The fetal lungs are the last organ system to “mature” so that survival outside the womb is possible. Maturity involves several components. First, there must be sufficient surface area within the lung to allow sufficient exchange of gases (oxygen in and carbon dioxide out) to support metabolic functions. This is accomplished by millions of small sacs called alveoli that give the lungs a sponge-like appearance. Second, the alveoli must develop to the point that the inner lining of cells (epithelial cells) that come in contact with inspired air are very thin – gas exchange can only occur over a short distance between the blood vessels in the alveoli and the air that fills the alveoli.
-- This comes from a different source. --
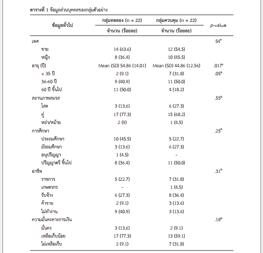 ผลการเตรียมผู้ป่วยก่อนการฝังเข็มร่วมกับการใช้สุคนธบำบัดต่อความวิตกกังวลและความดันโลหิตในผู้ป่วยฝังเข็ม โรงพยาบาลกลาง

Third, the alveoli must be able to remain open so that the air can get into them and gas exchange can take place. The first two events are generally quite complete by about 32-34 weeks, however, the third is the most essential component from that point on and it is the focus of our fetal lung maturity testing as we shall explain.

Alveoli are like little bubbles. The laws of physics predict that because of the high ratio of surface tension to volume of little bubbles, their tendency is to collapse. To prevent this from happening, certain cells in the lungs – the type II alveolar cells – begin to excrete chemicals that can reduce the surface tension in the alveoli. These chemicals are called ‘surfactants’ and they are a complex combination of phospholipids and apoproteins. When sufficient surfactants are produced that the alveoli can remain open to function, the fetal lungs are considered ‘mature’. Prior to this time, the baby is at risk for developing respiratory distress syndrome (RDS). RDS occurs in about 1% of all pregnancies and it can have serious short- and long-term consequences, involving both the lungs and other organs, that can extend beyond the neonatal period in its most severe forms.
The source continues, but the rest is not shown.